Karen Echeverri, PhD

Assistant Professor, Department of Genetics, Cell Biology and Development

Karen Echeverri

Contact Info

echev020@umn.edu

Office Phone 612-626-7320

Office Address:
Stem Cell Institute
4-222 LRB/MTRF
2001 6th St SE
Minneapolis, MN 55455

Mailing Address:
Stem Cell Institute
LRB/MTRF
2873B (Campus Delivery Code)
2001 6th St SE
Minneapolis, MN 55455

PhD Trinity College - Dublin and Max Planck Institute, 2003

BSc, Hons University College, 1996

Assistant Professor, Stem Cell Institute and Dept. Genetics, Cell Biology and Development, University of Minnesota, 2012

Independent Research Associate, Center for Regenerative Therapies, Dresden, Germany 2006-2011

Postdoc, Max Planck Institute, Molecular Cell Biology and Genetics 2004-2006

Research

Research Summary/Interests

Throughout human life, many cells such as hair follicles and certain tissues such as liver can be continuously replaced to maintain tissue integrity in response to normal, daily wear and tear. However, the human response to more serious tissue damage, such as acute damage to limbs or to the spinal cord, is limited to relatively simple wound healing, whereby collagenous scar tissue fills the injury site, assuring the tissue’s structural integrity but often resulting in a debilitating loss of functional activity.
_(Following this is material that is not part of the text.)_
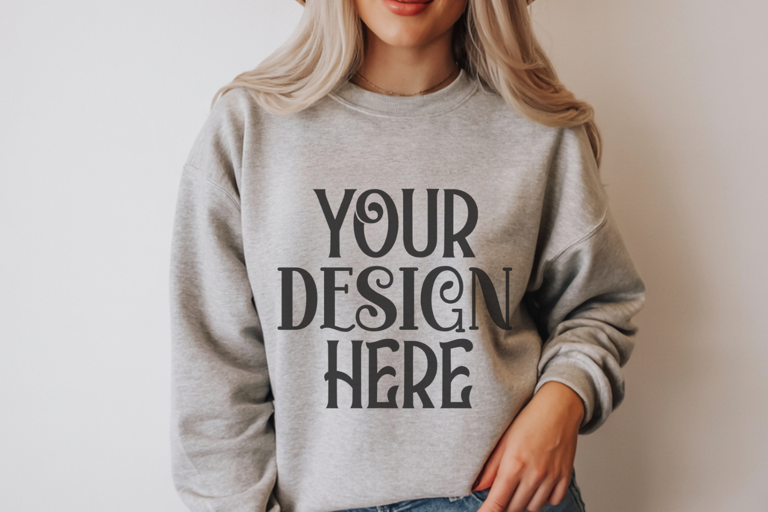 Sport Grey Gildan 18000 Mockup, Sweatshirt Crewneck Mockups

While humans do exhibit some very limited regenerative capacity (e.g. finger tips), other vertebrates exhibit sometimes astonishing regenerative ability.

Salamanders show the highest diversity in being able to regenerate limbs, tail, heart, eyes and jaw.

Our aim is to understand at the molecular and cellular level how an axolotl spinal cord can functionally repair after injury and why mammals cannot. To this end we have used transcriptional profiling to identify key differences at the miRNA level between axolotl and rat after spinal cord injury. In particular we are focusing on the differences between the rostral and caudal sides of the injury site and how the axolotl creates a permissive environment for axonal regrowth while mammals do not. We are focusing not just on the neuronal cells but also on the contribution and interaction of the other cells especially endothelial cells and skin to this repair process.

In addition to understanding spinal cord repair we are also interested in elucidating conserved pathways used for all regenerative processes like limbs, tails etc as well as those which tell cells at a cut surface what needs to be regenerated. 

Publications

  • Sehm T, Sachse, C , Frenzel, C and Echeverri K. miR-196 is an essential early-stage regulator of tail regeneration, upstream of key spinal cord patterning events. Dev Biol. 2009 Oct 15;334(2):468-80. Epub 2009 Aug 13.
  • Echeverri, K and AC Oates. 2007. Suppressor of Hairless coordinates bilateral cyclic gene expression during somitogenesis and plays an important role in left-right patterning of the vertebrate embryo. Dev. Biol. Jan 15;301(2):388-403.
  • Echeverri, K and EM Tanaka. 2005. Proximodistal Patterning during Limb Regeneration. Dev. Biol.279(2):391-401.
  • Echeverri, K. and EM Tanaka. 2002. Ectoderm to Mesoderm Lineage Switching during Axolotl Tail Regeneration. Science 298: 1993-1996
  • Echeverri K, Tanaka EM. Mechanisms of muscle dedifferentiation during regeneration. Semin Cell Dev Biol. 2002 Oct;13(5):353-60. Review.
  • Echeverri, K., Clarke, JD and EM Tanaka. 2001. In vivo imaging indicates muscle fiber dedifferentiation is a major contributor to the regenerating tail blastema. Dev. Biol. 236 (1):151-64.